● ASSIGNED TASK
Task for the records below: repeat the line containing "Луксозен, светло кафяв" and every line after it, exactly and with nothing else, but leave out the pictures.

DATASET CONTENT START

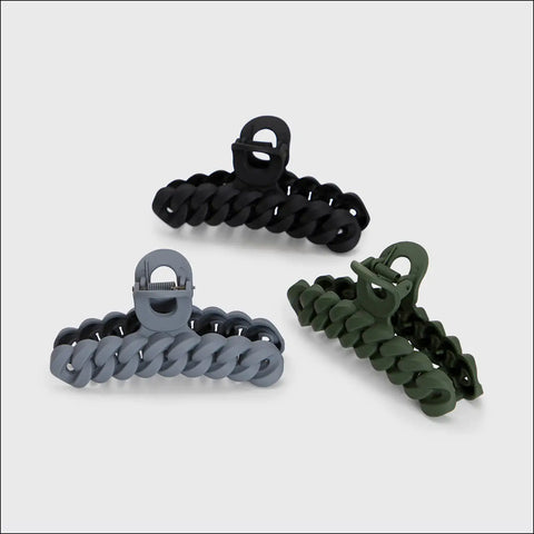 Eco-friendly Chain Claw Clip 3pc Set - Black/Moss
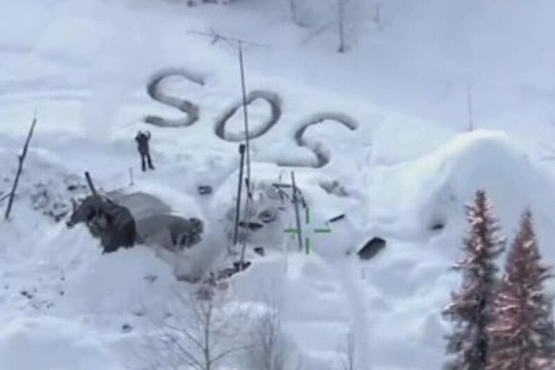 Cabana pustnicului Tyson Steel din Alaska a ars și a rămas fără adăpost în frig. Bărbatul a fost observat și s-a reușit salvarea lui datorită literilor „SOS” imense scrise pe zăpadă.
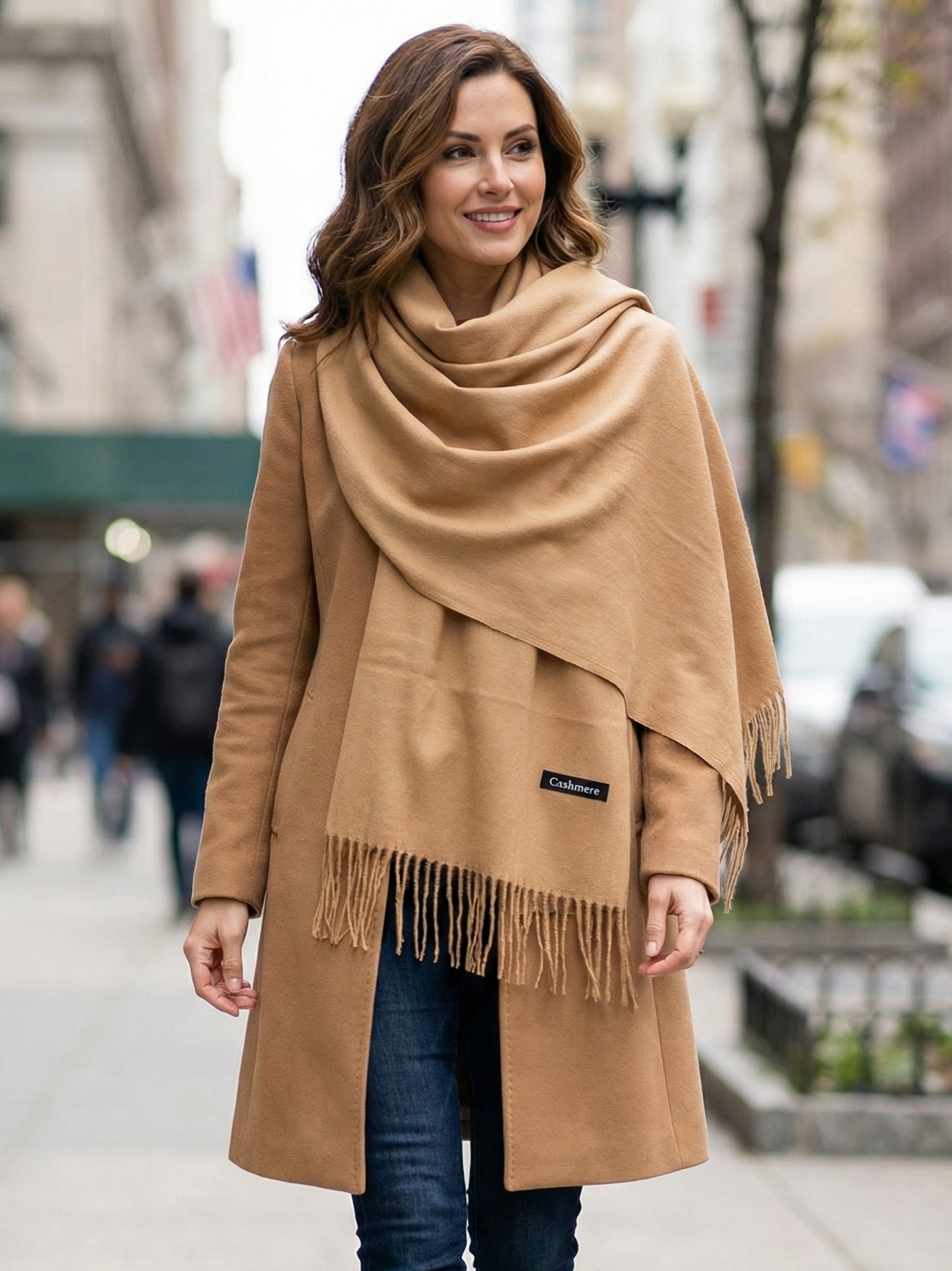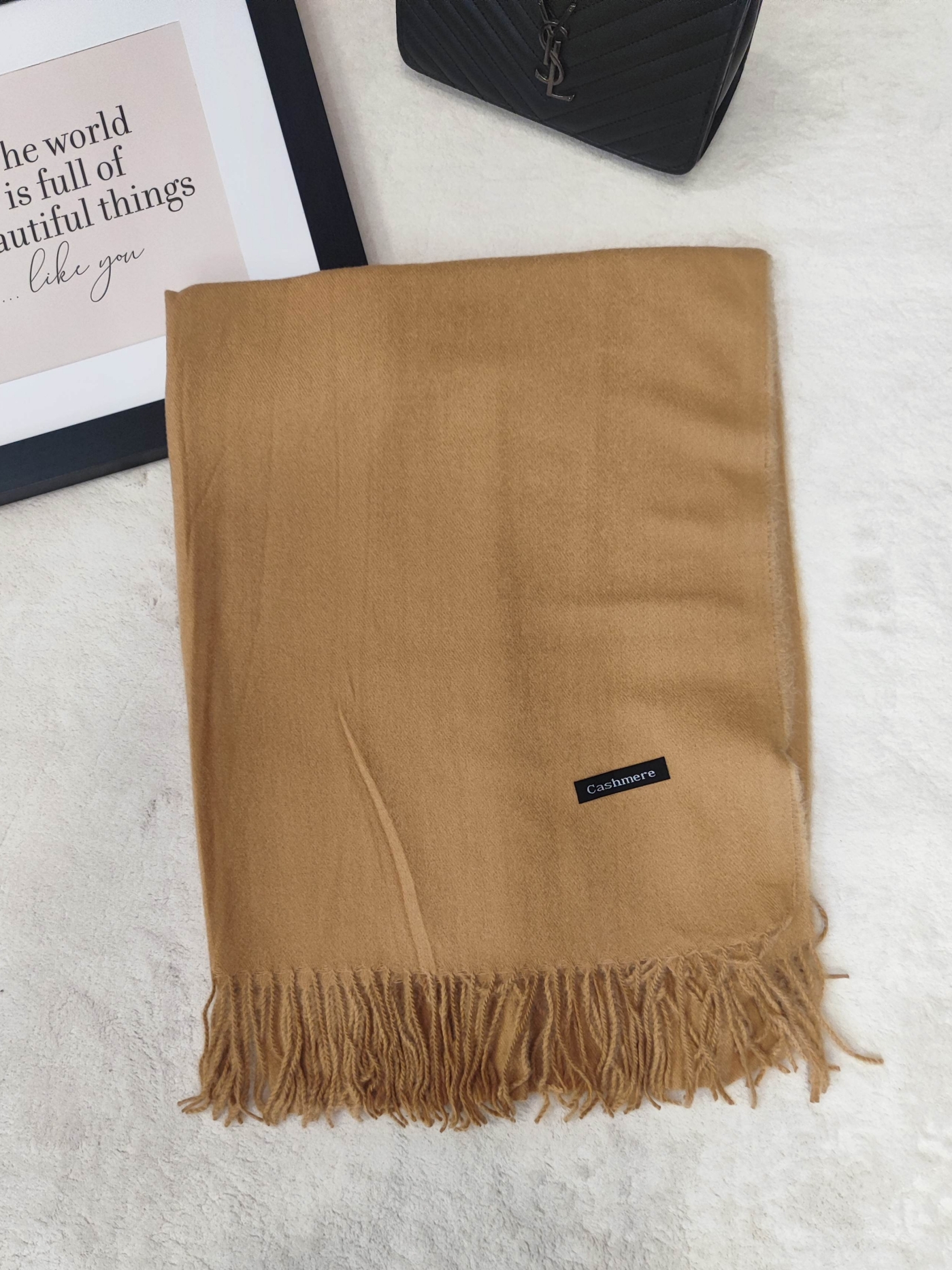 Луксозен, светло кафяв кашмирен шал. Осигурява несравнима топлина и мекота.
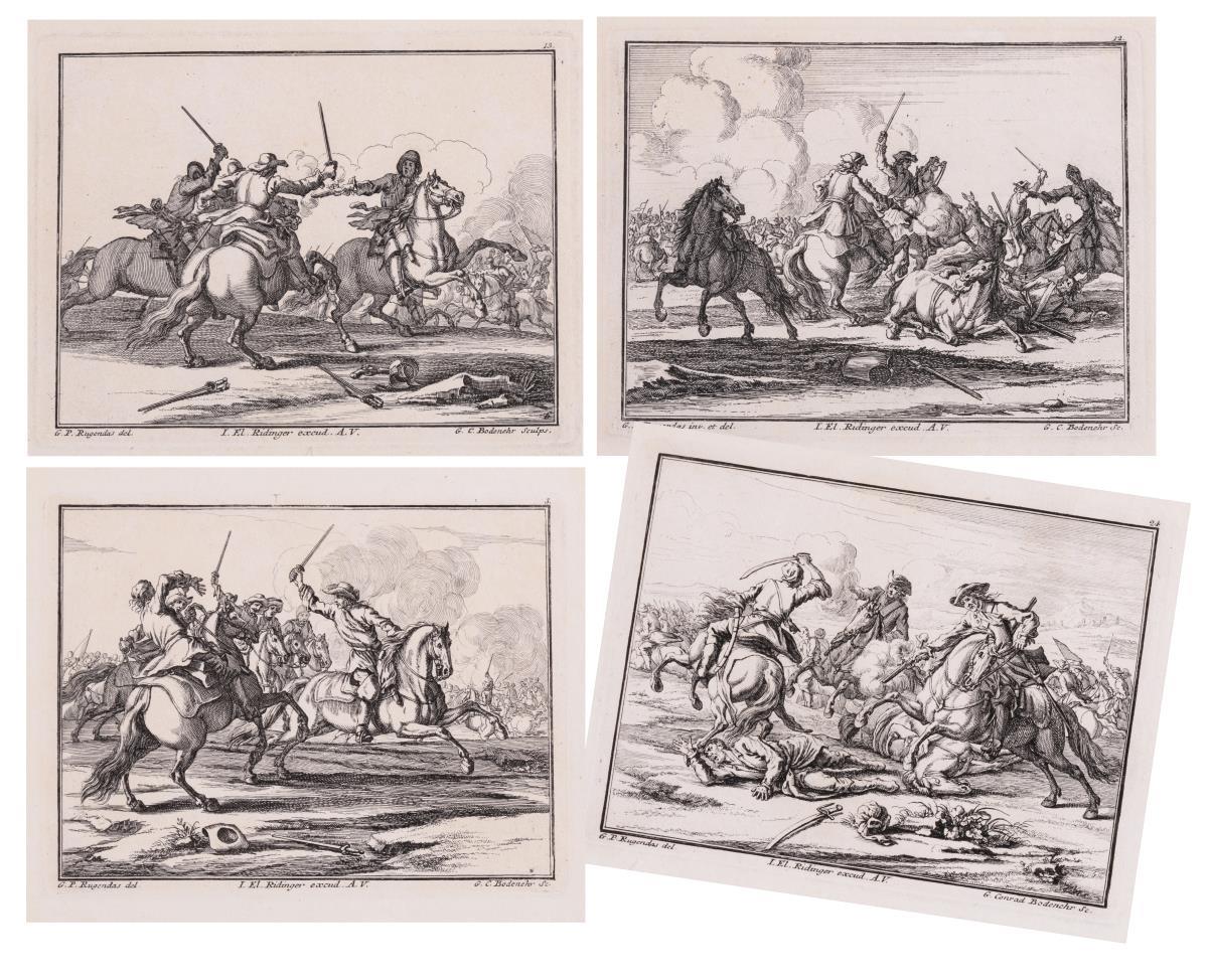 Blatt 10/11 aus der Folge A: "Kampf zwischen zwei Säbelkämpfern gegen zwei Reiter mit Pistolen", Blatt 6/8 aus der Folge B: "Gefecht von vier Reitern", Blatt 8/8 aus der Folge B: "Gefecht zwischen einem Einzelnen und einer Gruppe Anreitender" sowie Blatt 6/8 aus der Folge D "Reiterkampf"; bezeichnet mit Namenszügen der Künstler "G.P. Rugendas inv. et del., "G.C. Bodenehr Sc." und "I. El. Ridinger excud. A.V". Minimal verschmutzt.
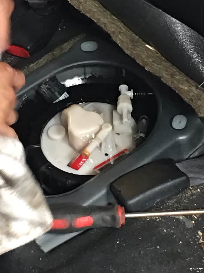 油箱里有近三分之二的油,拆汽油泵时,油都溢出来了,建议车友以后换汽油泵最好剩余三分之一油时更换。
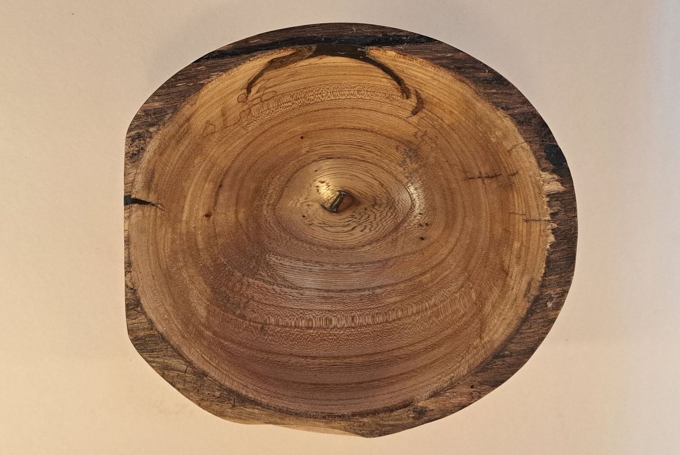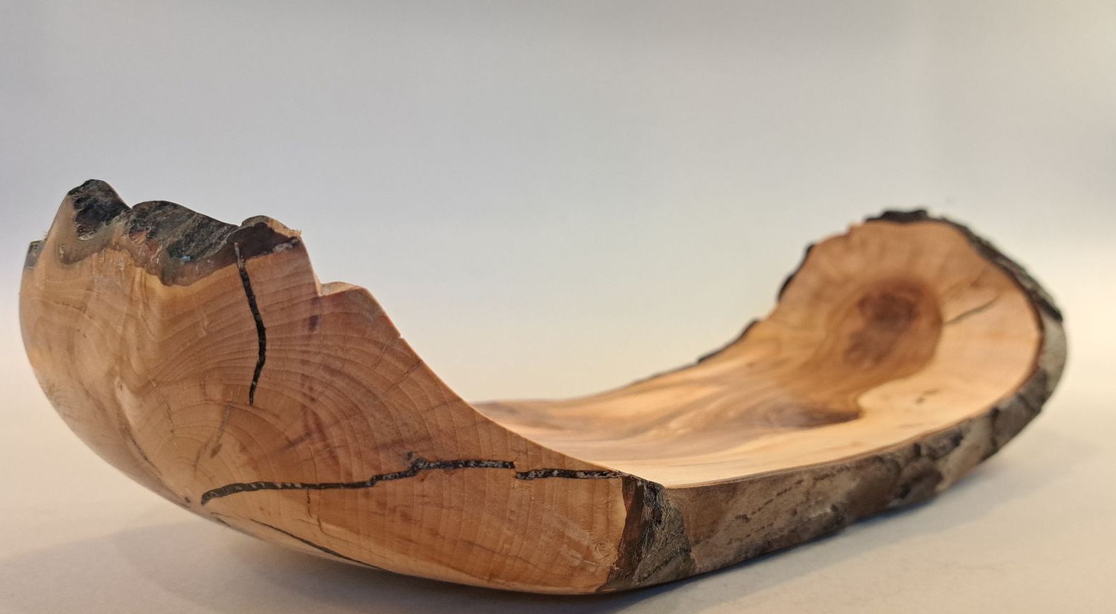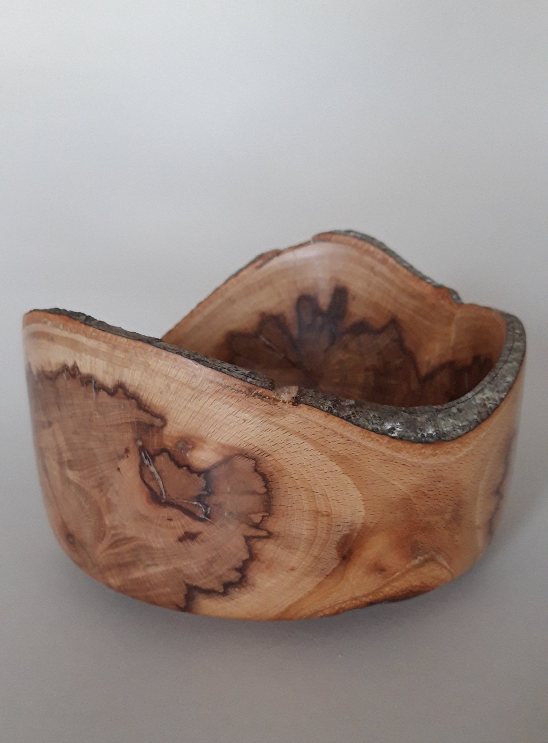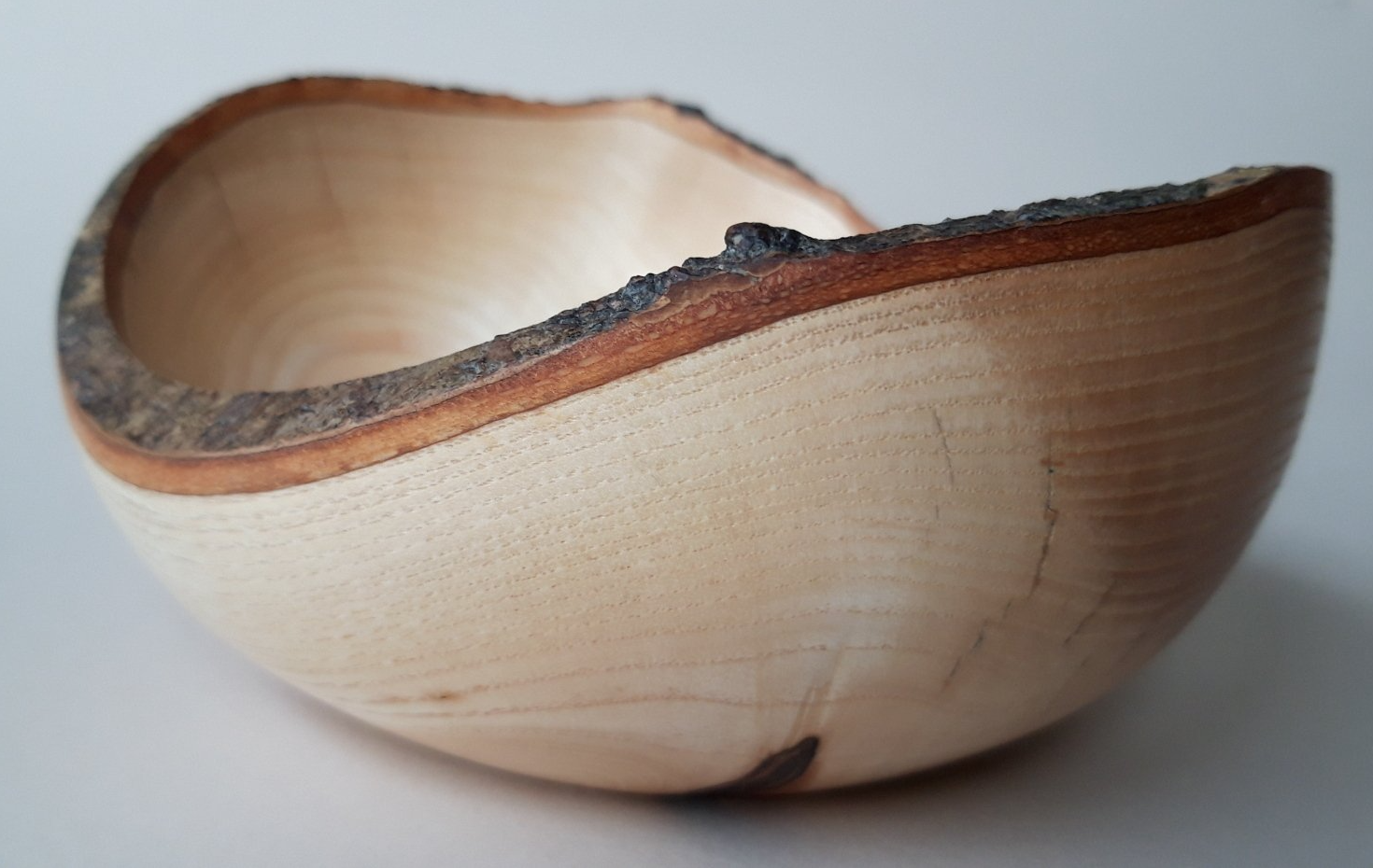 Live edged ash bowl with bark inclusion features,

DATASET CONTENT END

● ANSWER SPACE
 Луксозен, светло кафяв кашмирен шал. Осигурява несравнима топлина и мекота.
 Blatt 10/11 aus der Folge A: "Kampf zwischen zwei Säbelkämpfern gegen zwei Reiter mit Pistolen", Blatt 6/8 aus der Folge B: "Gefecht von vier Reitern", Blatt 8/8 aus der Folge B: "Gefecht zwischen einem Einzelnen und einer Gruppe Anreitender" sowie Blatt 6/8 aus der Folge D "Reiterkampf"; bezeichnet mit Namenszügen der Künstler "G.P. Rugendas inv. et del., "G.C. Bodenehr Sc." und "I. El. Ridinger excud. A.V". Minimal verschmutzt.
 油箱里有近三分之二的油,拆汽油泵时,油都溢出来了,建议车友以后换汽油泵最好剩余三分之一油时更换。
 Live edged ash bowl with bark inclusion features,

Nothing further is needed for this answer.